Archive for February 2011

courage

maybe the ultimate reason is that i don't have the courage to love.

it's not that he's not good. i was happy with him. but when i calm down and start thinking everything over, i don't have the courage to continue.

i have things i want to achieve in my life. that involves leaving this country for maybe several years. i'm not sure if i would be able to continue my plan to leave by that time if i fall in love now. i don't see myself as someone who will be able to give him happiness in the future if i ever leave while he can't. i don't want to be in a dilemma to give up either my dream or love.
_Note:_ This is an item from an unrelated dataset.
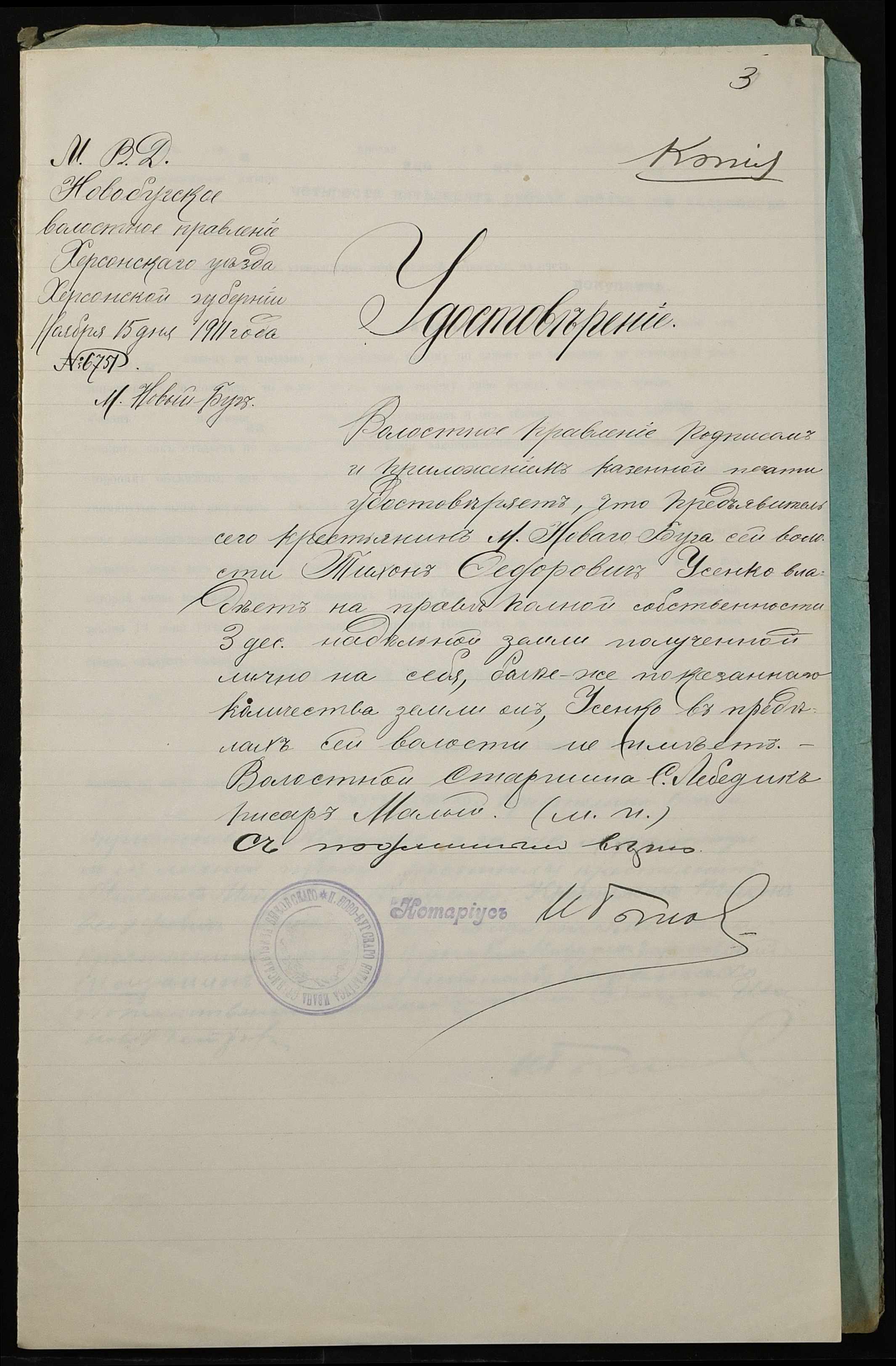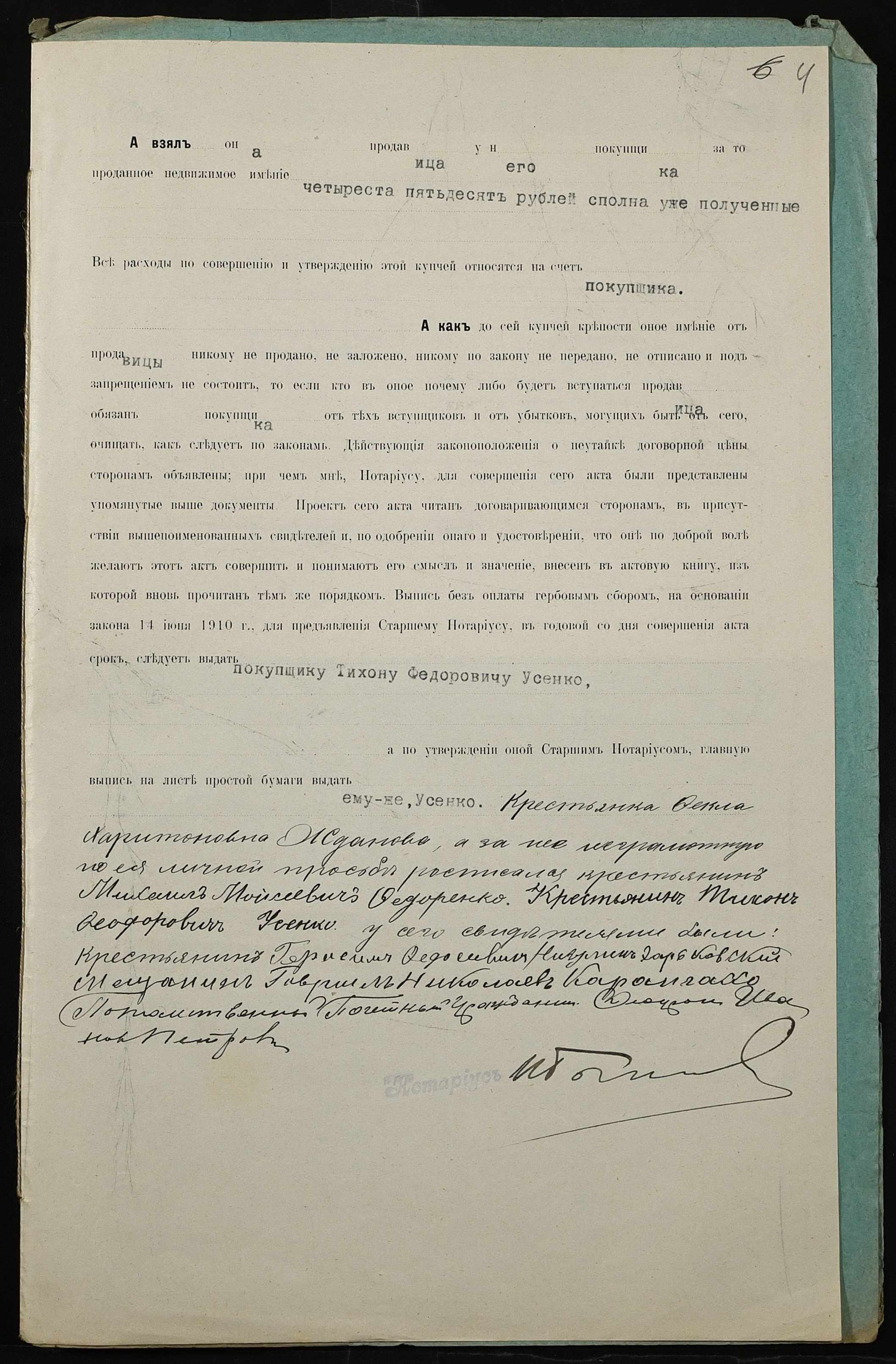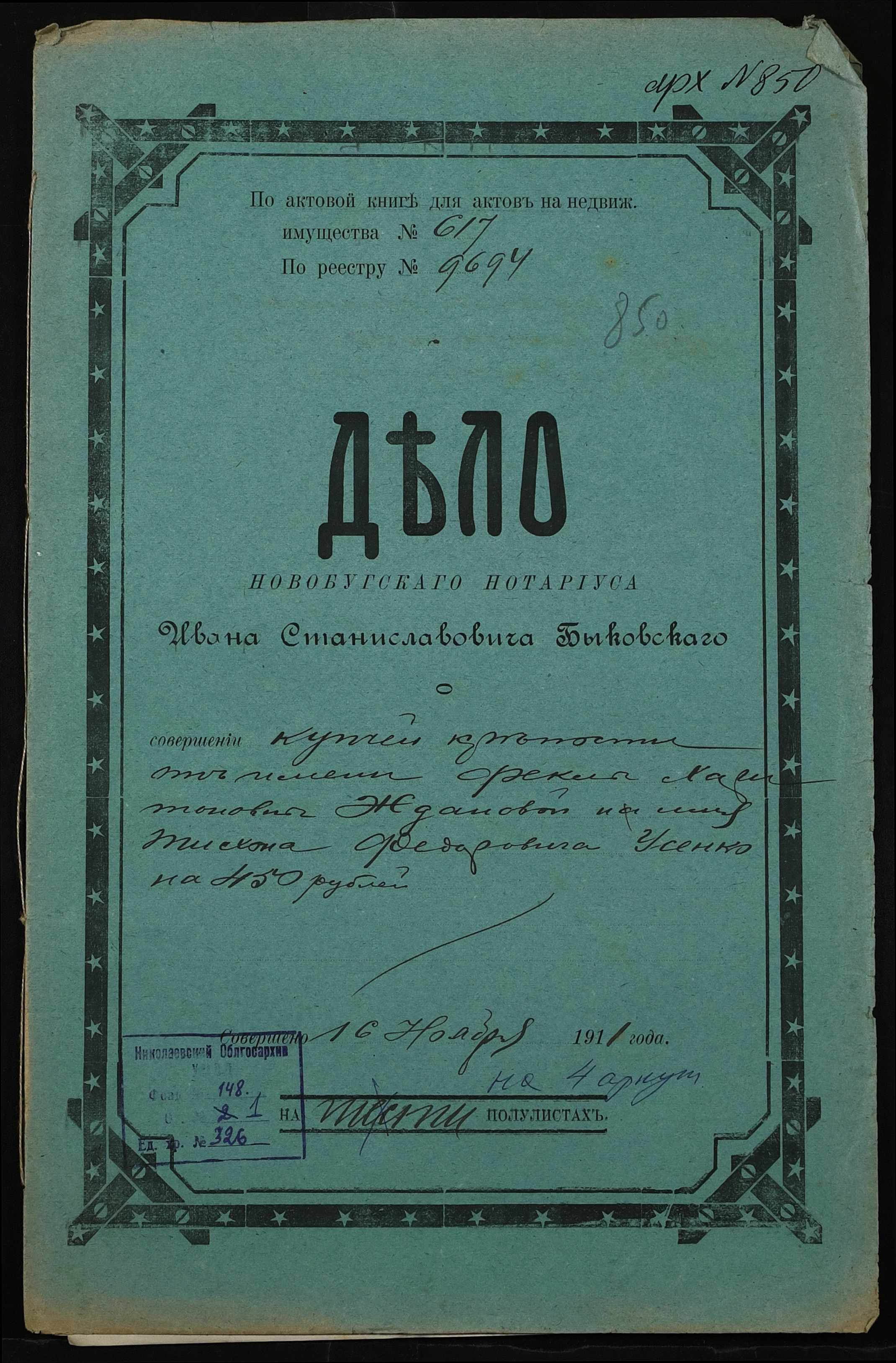 • • • • Справа № 326 “Справа про вчинення купчої про продаж землі селянкою Ждановою Теклею Харитонівною (Ждановой Феклой Харитоновной) на користь селянина Усенка (Усенко) Тихона Федоровича”

on the other hand, it's not like i'm going to live happily ever after if i choose to be with him and to give up my dream. he has told me, he can't assure me anything, and he doesn't want us to be couples, simply because he won't be able to in the future. he will have to get married someday and will have to leave me if we were couples. so he just wants us to be best friends forever. at first i told myself i can do this, but actually i'm not sure. it's hard to say what would i become, i might become greedy and want him to commit more, or start imagining more things with him. either way i will be disappointed. i simply don't have the courage to face the disappointment later on.

i think i m too scientific for love. subconsciously, i measure happiness in every way i can. in my current state being alone while able to cope with it, if i don't get into love, i will stay this and i will be safe. if i get into love, i will gain happiness momentarily, but when it ends, it will be devastating to me. i would rather my happiness to be evenly distributed over the years where i don't feel too happy nor too sad, than using up all 'quota' i get for happiness in a few years and live in sorrow and emptiness after that.

i don't understand love. i judge things easily by logic and sensibility. not that i want to, but i simply don't know how not to judge things that way. i can't push myself to go for a route that seemingly riskier to me, or maybe because there wasn't enough push for me to do so. i'm not sure. looking at the way things were, i think i have made the best decision from my judgement.

maybe love is just not the thing i want. maybe i just don't know what i want. maybe i just don't have the courage to love so i keep giving myself reasons not to love.